A grande importância, aqui, deve ser dada à opinião pública. Percebe-se que quando a sociedade civil americana começa a organizar-se, surge a necessidade da profissão de relações públicas. Tal atividade, que tem como princípio, nesse período, persuadir a opinião pública, tornando-a favorável a diferentes causas e princípios (trabalhadores ou patrões), revela possuir um fundamento claramente político. Surge como fruto de mobilizações e reivindicações ocorridas, essencialmente, na esfera política. O que não pode também passar despercebido é que este procedimento, inicialmente surgido em alguns segmentos sociais específicos, acabou, depois, por ser incorporado pela própria esfera governamental.
Em 1903, um ano após o surgimento da Associação Americana Antiboicote, Ivy Lee, jornalista e publicitário, “despontou no cenário norte-americano, escrevendo artigos para jornais, como ‘press agent’ (agente de imprensa), sugerindo um tipo de atividade para relacionamento das instituições com seus públicos”.14 Na verdade, não se trata de mais uma atividade propagandística com a finalidade de divulgar uma instituição, um governo ou uma personalidade, mas sim de traçar estratégias para relacionar-se com os diferentes públicos, ainda que nesta fase inicial da profissão tenha prevalecido uma orientação calcada no suborno e aliciamento da imprensa e de muitos jornalistas dos grandes jornais da época.
A história da atuação de Ivy Lee, como profissional de Relações Públicas, está voltada para as grandes empresas e para os mais proeminentes magnatas daquele período.

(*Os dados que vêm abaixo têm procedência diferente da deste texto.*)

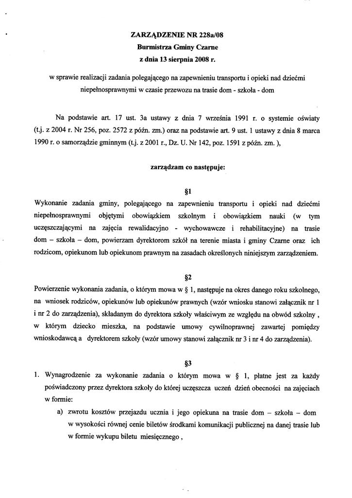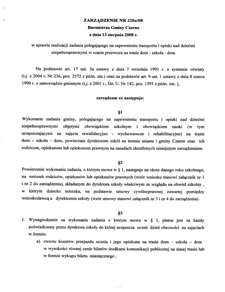 . .ZARZ¥DZENIE NR 228a/08 Burmistrza Gminy Czarne z dnia 13 sierpnia 2008 r. w sprawie realizacji zadania polegaj¹cego na zapewnieniu transportu i opieki nad dzieæmi niepe³nosprawnymi w czasie przewozu na trasie dom -szko³a -dom Na podstawie art. 17 ust. 3a ustawy z dnia 7 wrzeœnia 1991 r. o systemie oœwiaty (t.j. z 2004 r. Nr 256, poz. 2572 z póŸnozm.) oraz na podstawie art. 9 ust. 1 ustawy z dnia 8 marca 1990 r. o samorz¹dzie gminnym (t.j. z 2001 r., Dz. U. Nr 142, poz. 1591 z póŸnozm.), zarz¹dzam co nastêpuje: §1 Wykonanie zadania gminy, polegaj¹cego na zapewnieniu transportu i opieki nad dzieæmi niepe³nosprawnymi uczêszczaj¹cymi dom -szko³a objêtymi obowi¹zkiem na zajêcia rewalidacyjno -dom, szkolnym i -wychowawcze obowi¹zkiem i nauki rehabilitacyjne) (w tym na trasie powierzam dyrektorom szkó³ na terenie miasta i gminy Czarne oraz ich rodzicom, opiekunom lub opiekunom prawnym na zasadachokreœlonychniniejszym zarz¹dzeniem. §2 Powierzenie wykonania zadania, o którym mowa w § 1, nastêpuje na okres danego roku szkolnego, na wniosek rodziców, opiekunów lub opiekunów prawnych (wzór wniosku stanowi za³¹cznik nr 1 i nr 2 do zarz¹dzenia), sk³adanym do dyrektora szko³y w³aœciwymze wzglêdu na obwód szkolny, w którym dziecko mieszka, na podstawie umowy cywilnoprawnej zawartej pomiêdzy wnioskodawc¹ a dyrektorem szko³y (wzór umowy stanowi za³¹cznik nr 3 i nr 4 do zarz¹dzenia). §3 1. Wynagrodzenie za wykonanie zadania o którym mowa w § 1, p³atne jest za ka¿dy poœwiadczonyprzez dyrektora szko³y do której uczêszcza uczeñ dzieñ obecnoœcina zajêciach w formie: a) zwrotu kosztów przejazdu ucznia i jego opiekuna na trasie dom -szko³a -dom w wysokoœci równej cenie biletów œrodkamikomunikacji publicznej na danej trasie lub w formie wykupu biletu miesiêcznego, .b) zwrotu kosztów przejazdu za 1 kilometr przebiegu pojazdu w wysokoœci 100% stawki okreœlonejrozporz¹dzeniem Ministra Infrastruktury z dnia 25 marca 2002 r. w sprawie warunków ustalania oraz sposobu dokonywania zwrotu kosztów u¿ywania do celów s³u¿bowych samochodów osobowych, motocykli i motorowerów niebêd¹cych w³asnoœci¹ pracodawcy (Dz.U. Nr 27, poz. 271 z póŸno zm.), w zale¿noœci od pojemnoœciskokowej silnika posiadanegosamochodu. 2. Wysokoœæwynagrodzenia o którym mowa w § 3 ust.1, pkt b, ustala siê jako iloczyn liczby kilometrów na trasie dom -szko³a -dom i dni obecnoœcidziecka na zajêciach. 3. Podstaw¹ wyp³aty wynagrodzenia o którym mowa w ust. 1 i 2, jest oœwiadczenierodziców, opiekunów lub opiekunów prawnych z³o¿one nie póŸniej ni¿ do 5 dnia nastêpnego miesi¹ca, potwierdzaj¹ce realizacjê uzgodnionych w umowie warunków (wzór oœwiadczeniastanowi . za³¹cznik do umowy). §4 Wyp³ata wynagrodzenia rodzicom, opiekunom lub opiekunom prawnym nastêpuje z do³u do 15 dnia nastêpnego miesi¹ca -po zrealizowaniu zadania dowozu i opieki nad dzieckiem, potwierdzonego w sposób okreœlonyw § 3 ust. 1 zarz¹dzenia. §4 Wykonanie zarz¹dzenie powierzam dyrektorom szkó³ na terenie miasta i gminy Czarne oraz Sekretarzowi Gminy i Skarbnikowi Gminy.. §5 Zarz¹dzenie wchodzi w ¿ycie z dniem podpisania i podlega og³oszeniu na tablicy og³oszeñ Urzêdu Miasta i Gminy w Czarnem i ma zastosowaniedo umów od O1 wrzeœnia2008r. BU in¿. RZ iuk . Za³¹cznik nr 1do Zarz¹dzeniaNr 228a/08 BurmistrzaGminy Czarnez dnia 13 sierpnia 2008r. Imiê i nazwiskownioskodawcy Adres zamieszkania Nr rachunkubankowego Dyrektor Wniosek Proszê o zwrot kosztów przejazdu ucznia niepe³nosprawnegoœrodkiemlokomocji publicznej( PKS, PKP) (zakupbiletu miesiêcznego) * (imiê i nazwisko dziecka) (dataurodzenia) zamieszka³egow orazjego opiekuna* do (nazwai adresszko³y) Uczeñdowo¿onybêdziepod opiek¹ rodzica/opiekuna/opiekuna prawnego* (imiê i nazwisko,nr dowodu osobistego) zamieszka³egow ( PodpiswnioskodawcyO * skreœliæ, je¿eli nie dotyczy Za³¹czniki: l. Aktualne zaœwiadczenie ze szko³ypoœwiadczaj¹ce,.. ¿edzieckojest uczniemtej szko³y, 2. Orzeczenieo stopniuniepe³nosprawnoœci. t . Za³¹cznik nr 2 do Zarz¹dzeniaNr 2288/08 BunnistrzaGminy Czarnez dnia 13 sierpnia 2008 r. .,,."',,-.. ", ~'~:;c1 Imiê i nazwiskownioskodawcy .,..,~";;; Adres zamieszkania Dyrektor Nr rachunkubankowego Wniosek P "~ oC" ", ';"," ,j Proszê ': o powierzenie mi transportu io opieki nad uczniem niepe³nosprawnym ":' (imiê i nazwiskodziecka) zamieszka³ym w Dziecko uczêszczado kl. w (nazwai adresszko³y) Iloœækilometrów na trasie dom-szko³a-dom km Dziecko dowo¿one bêdzie przez rodzica/opiekuna/opiekuna prawnego (imiê i nazwisko,nr dowodu osobistego) zamieszka³ego w . bêd¹cego w³aœcicielemsamochodu-marka o pojemnoœcisilnika i numerze rejestracyjnym nr polisy ubezpieczeniowej od odpowiedzialnoœcicywilnej (OC) nr polisy ubezpieczeniowej od nieszczêœliwych wypadków nr polisy ubezpieczeniowej transportu dziecka niepe³nosprawnego Podpiswnioskodawc Za³¹czniki: 1. Aktualne zaœwiadczenieze szko³y poœwiadczaj¹ce,¿e dziecko jest uczniem tej szko³y 2. Orzeczenie o stopniu niepe³nosprawnoœci ~"c,ii~ ..c,;~ (NW) ~'; '-r Za³¹cznik nr 3 do Zan¹dzenia Nr 228a/08 BurmistrzaGminy Czarnez dnia 13 sierpnia 2008r. UMOWA Zawarta w dniu w Nr /200.. pomiêdzy: , dzia³aj¹cego Dyrektora z upowa¿nienia Burmistrza Gminy Czarne a Pani¹/Panem osobistym numer: prawnym , , dziecka reprezentowan¹ przez: , legitymuj¹cym siê dowodem rodzicem/opiekunem/opiekunem niepe³nosprawnego , zamieszka³ym w §1 Realizuj¹c obowi¹zki Gminy Czarne wynikaj¹ce z art. 17 ust. 3a ustawy z dnia 7 wrzeœnia1991 r. o systemie oœwiaty (t.j. Dz. U. z 2004 r. Nr 256 poz. 2572 z póŸno zm.) Pani/Pan zapewni dowo¿enie i opiekê --dziecku zamieszka³emu niepe³nosprawnemu w drodze do (nazwai adresszko³y) i z powrotem, bior¹c za nie odpowiedzialnoœæ w tym czasie. l. §2 Za wykonanie zadania ustala siê miesiêczne wynagrodzenie w formie zwrotu kosztów przejazdu ucznia i jego opie

O período compreendido entre 1903 a 1914 foi marcado, nos EUA, por uma intensa campanha contra o big business americano. Nesta fase surgem em cena os muckrakers15 (exploradores de escândalos) que através de reportagens e artigos em pequenos opúsculos, revistas e jornais, denunciam a corrupção existente tanto no âmbito governamental como no privado. As grandes empresas eram acusadas da prática de monopólio, através da formação de cartéis, com o objetivo de barrar a livre concorrência; também havia denúncias referentes ao pagamento da mão de obra com salários de fome e ainda a existência de conluios entre empresas e governo para salvaguardar transações escusas entre ambos. Além disso, tais escândalos também expunham à mostra os truques sujos utilizados pelas grandes empresas para eliminar as suas congêneres de menor porte: sabotagem, dumping, formação de cartéis, trustes e consórcios.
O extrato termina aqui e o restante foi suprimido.